_What is expected_
The answer must be an exact copy of the records, with every picture left out.

---------- Provided data

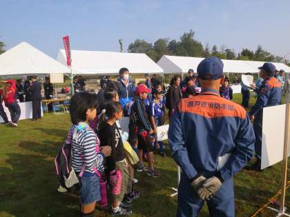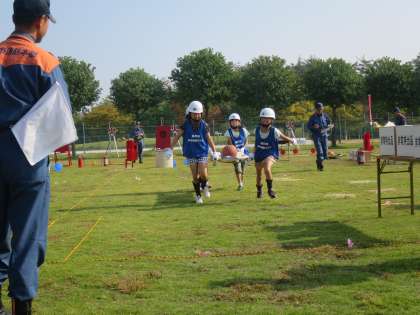 24日に市民公園で、初期消火技術を競う消火技術競練会がありました。幡山東小学校からは、5年生児童4名が出場しました。
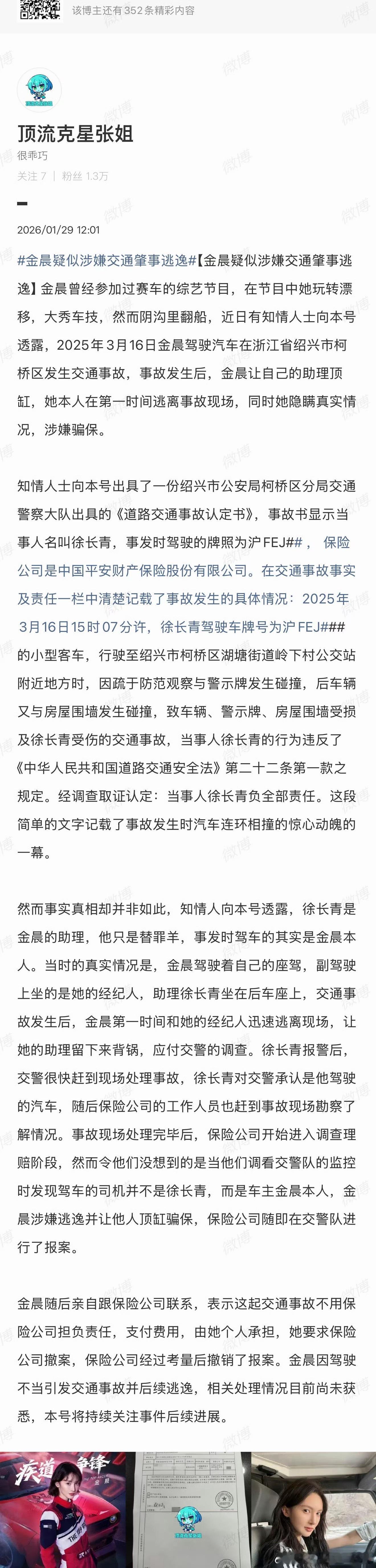 曝金晨肇事逃逸这种事儿一般情况爆出来就是实锤否则经济公司和团队不得给造谣这哥们送进去如果实锤又一位佳丽得出国发展了
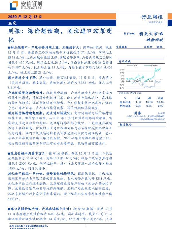 【安信证券】【20201212】20201212-安信证券-煤炭周报:煤价超预期,关注进口政策变化-24页
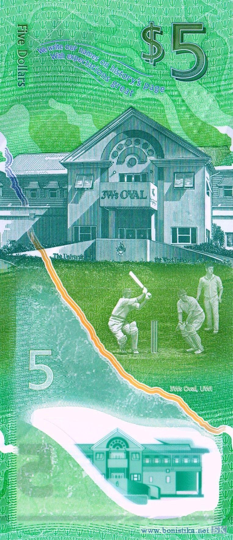 Стилизованные изображения верхних частей трезубцев древнегреческого бога морей и водных потоков Посейдона – символы принципа правления на Барбадосе, состоящего из трёх формул: «из народа, с народом, для народа», игрок в крикет, сенатор, сэр Фрэнк Уорелл, здание спортивного комплекса «Три дабл ю Овал». Фрагмент здания спортивного комплекса «Три дабл ю Овал» для игры в крикет в кампусе Кэйв Хилл университета Вест-Индии близ города Бриджтаун, фрагмент очертания береговой линии острова Барбадос, игроки в крикет.
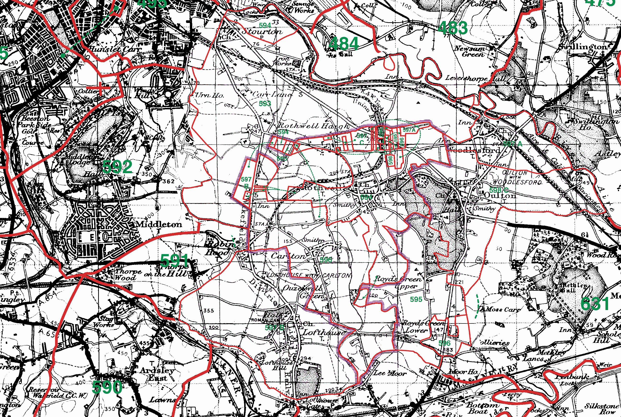 591=Thorpe | 592=Middleton | 593=Rothwell Haigh | 594=Rothwell | 595=Royds Green |
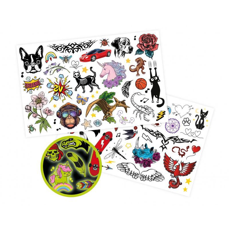 Studio Profesional De Tatuaje include 4 stilouri pentru tatuaje, 3 cerneluri, sclipici, sabloane si tatuaje temporare care stralucesc in intuneric. Cerneala si tatuajele pot fi indepartate usor dupa cateva zile cu apa sau demachiant, in functie de piele.
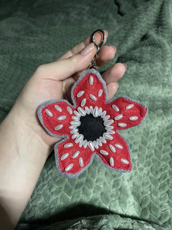 Брелок у вигляді голови Демогоргона . Розмір 10*10 . Має застібку карабін , може чіплятися на рюкзак, пенал, сумку , куртку чи ключі . Пелюстки тримають форму і можуть згинатися , зуби бусини якісно пришиті вручну.
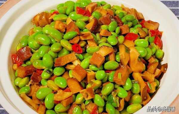 4、新鲜的毛豆在豆干香菇等食材的承托下变得更加鲜美,鲜辣清脆、每一口下去都是回味~拿来下饭简直了,就怕你家米不够啊。
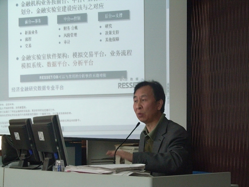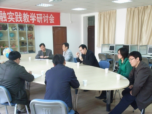 朱世武教授首先在金控中心证券投资实验室结合他自己开发设计的Resset数据库为国贸系教师展示了金融教学辅助软件的强大功能与突出效果;接着又来到财经研讨室和大家进行研讨。朱教授结合自己十多年的潜心研究,用国际最新经济理论对金融学领域概况、金融数据库与金融应用技术学科建设、当今社会对金融数据应用人才的需求、金融教学软件在培养应用型人才中发挥的积极作用等一系列问题进行了阐述和解答。
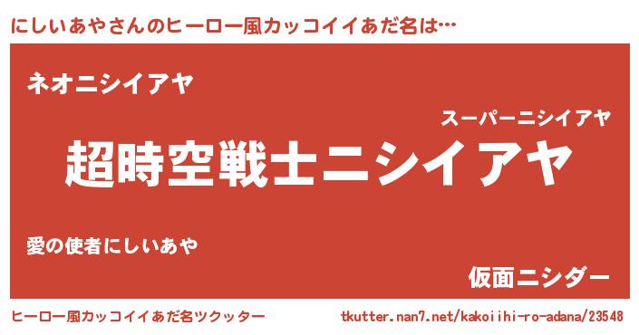 | 意味不明あだ名 | 『自称にしいあや』『永久保存にしいあや』 |
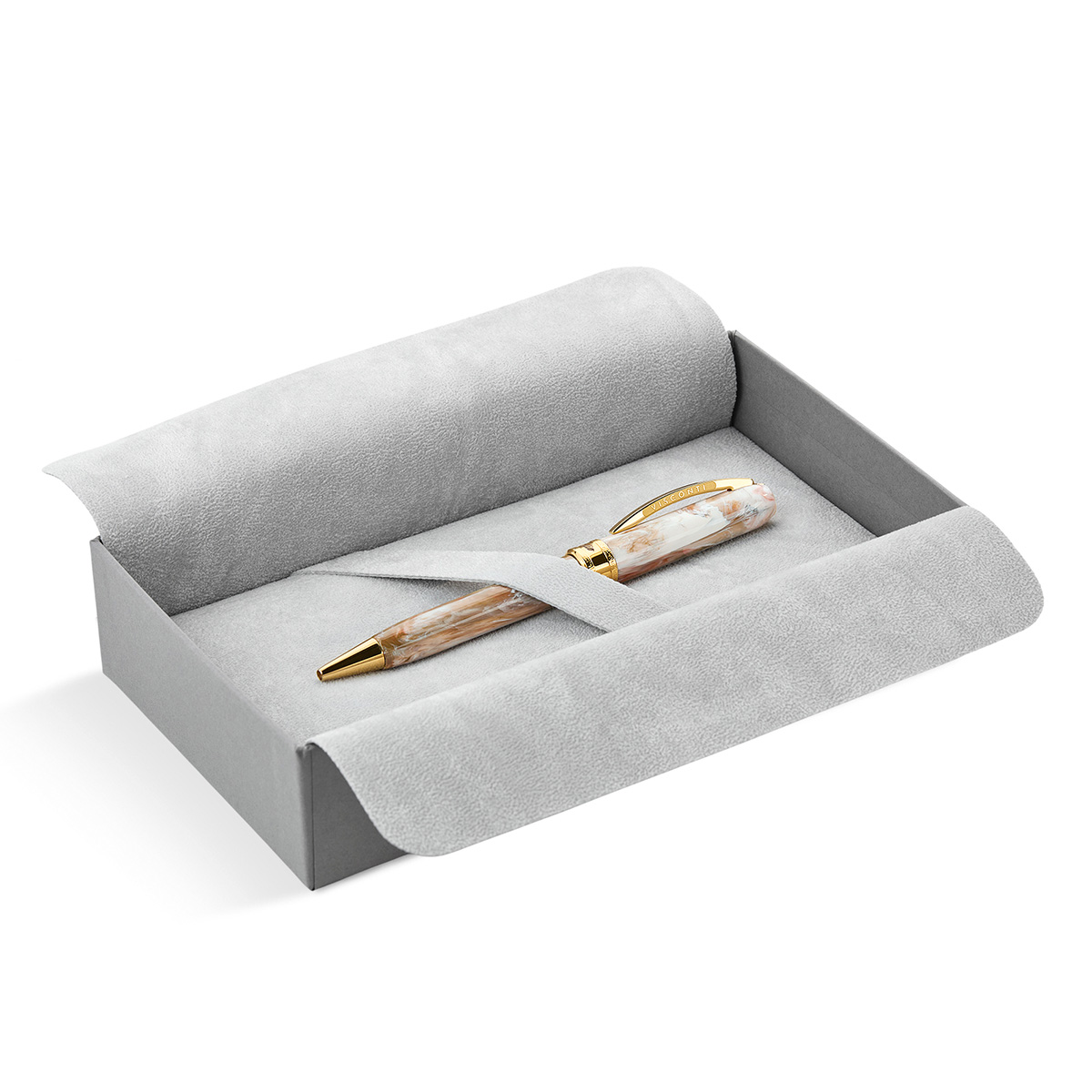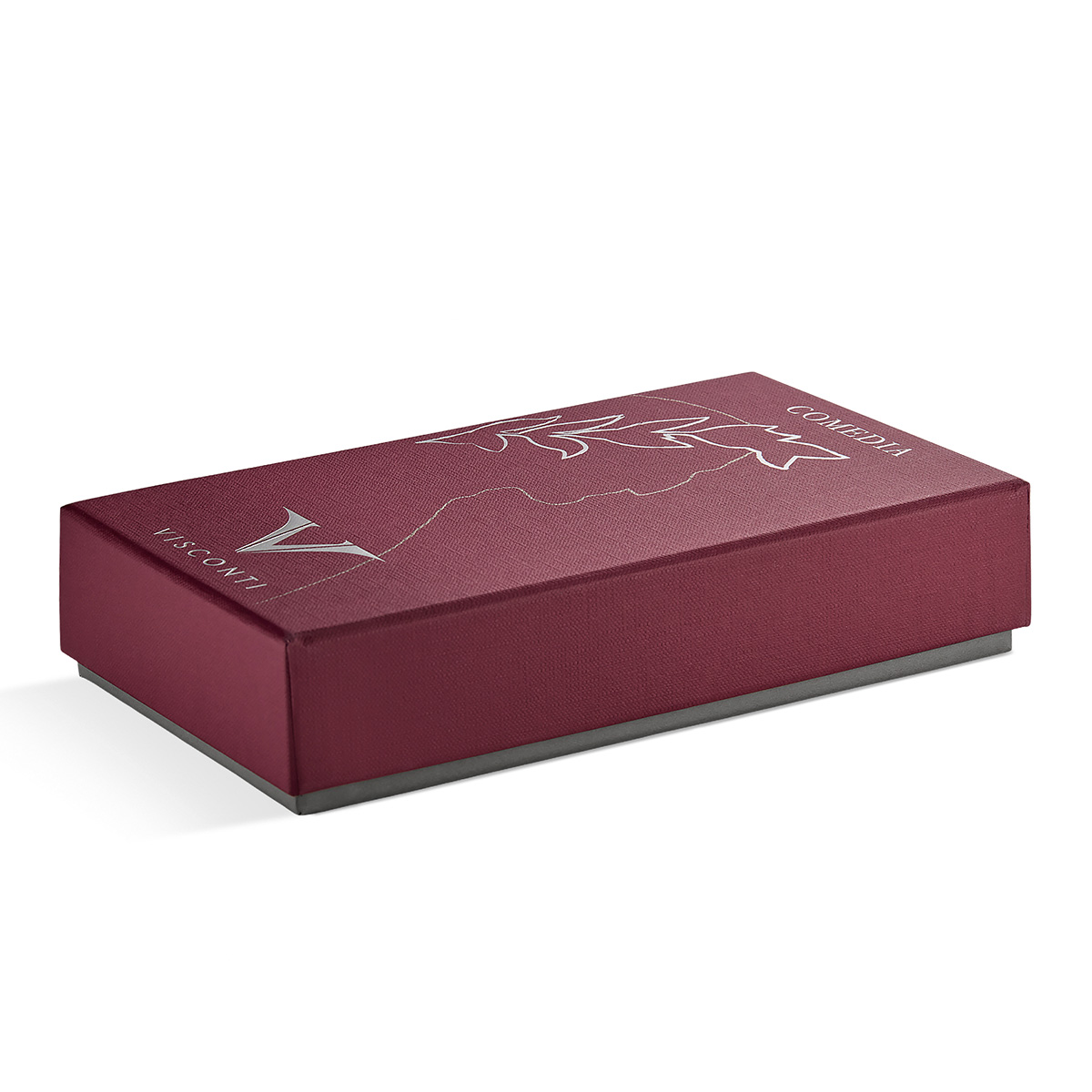 Στυλό διαρκείας της συλλογής Comedia Virgilio. Η σειρά Caronte αντιπροσωπεύει το αναπόφευκτο πέρασμα στο άγνωστο. Το πολυτελές αυτό στυλό είναι κατασκευασμένο από συμπαγή ρητίνη με ιβουάρ-κόκκινα νερά.
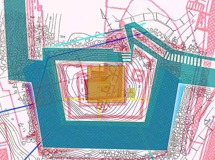 かくして、石垣山城天守の「入側」部分もそっくりそのまま甲府城に移築させようとしていた…と考えた場合、そこからは“タナからボタ餅”と申しますか、思わぬ副産物として、幻の石垣山城天守台のかなり詳細な形状が逆算できてしまう!!のです。
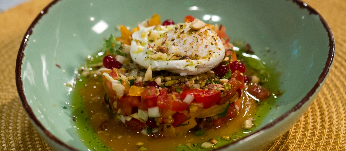 A paradicsom tatárhoz a színes paradicsomokat nagyon apróra vágjuk. Egy tálban összekeverjük és ízesítjük aprított zöldfűszerekkel, citrom levével és a ribizlivel. Ha kicsit összeértek az ízek gyűrűbe halmozzuk.

--------------------

_Task answer_
 24日に市民公園で、初期消火技術を競う消火技術競練会がありました。幡山東小学校からは、5年生児童4名が出場しました。
 曝金晨肇事逃逸这种事儿一般情况爆出来就是实锤否则经济公司和团队不得给造谣这哥们送进去如果实锤又一位佳丽得出国发展了
 【安信证券】【20201212】20201212-安信证券-煤炭周报:煤价超预期,关注进口政策变化-24页
 Стилизованные изображения верхних частей трезубцев древнегреческого бога морей и водных потоков Посейдона – символы принципа правления на Барбадосе, состоящего из трёх формул: «из народа, с народом, для народа», игрок в крикет, сенатор, сэр Фрэнк Уорелл, здание спортивного комплекса «Три дабл ю Овал». Фрагмент здания спортивного комплекса «Три дабл ю Овал» для игры в крикет в кампусе Кэйв Хилл университета Вест-Индии близ города Бриджтаун, фрагмент очертания береговой линии острова Барбадос, игроки в крикет.
 591=Thorpe | 592=Middleton | 593=Rothwell Haigh | 594=Rothwell | 595=Royds Green |
 Studio Profesional De Tatuaje include 4 stilouri pentru tatuaje, 3 cerneluri, sclipici, sabloane si tatuaje temporare care stralucesc in intuneric. Cerneala si tatuajele pot fi indepartate usor dupa cateva zile cu apa sau demachiant, in functie de piele.
 Брелок у вигляді голови Демогоргона . Розмір 10*10 . Має застібку карабін , може чіплятися на рюкзак, пенал, сумку , куртку чи ключі . Пелюстки тримають форму і можуть згинатися , зуби бусини якісно пришиті вручну.
 4、新鲜的毛豆在豆干香菇等食材的承托下变得更加鲜美,鲜辣清脆、每一口下去都是回味~拿来下饭简直了,就怕你家米不够啊。
 朱世武教授首先在金控中心证券投资实验室结合他自己开发设计的Resset数据库为国贸系教师展示了金融教学辅助软件的强大功能与突出效果;接着又来到财经研讨室和大家进行研讨。朱教授结合自己十多年的潜心研究,用国际最新经济理论对金融学领域概况、金融数据库与金融应用技术学科建设、当今社会对金融数据应用人才的需求、金融教学软件在培养应用型人才中发挥的积极作用等一系列问题进行了阐述和解答。
 | 意味不明あだ名 | 『自称にしいあや』『永久保存にしいあや』 |
 Στυλό διαρκείας της συλλογής Comedia Virgilio. Η σειρά Caronte αντιπροσωπεύει το αναπόφευκτο πέρασμα στο άγνωστο. Το πολυτελές αυτό στυλό είναι κατασκευασμένο από συμπαγή ρητίνη με ιβουάρ-κόκκινα νερά.
 かくして、石垣山城天守の「入側」部分もそっくりそのまま甲府城に移築させようとしていた…と考えた場合、そこからは“タナからボタ餅”と申しますか、思わぬ副産物として、幻の石垣山城天守台のかなり詳細な形状が逆算できてしまう!!のです。
 A paradicsom tatárhoz a színes paradicsomokat nagyon apróra vágjuk. Egy tálban összekeverjük és ízesítjük aprított zöldfűszerekkel, citrom levével és a ribizlivel. Ha kicsit összeértek az ízek gyűrűbe halmozzuk.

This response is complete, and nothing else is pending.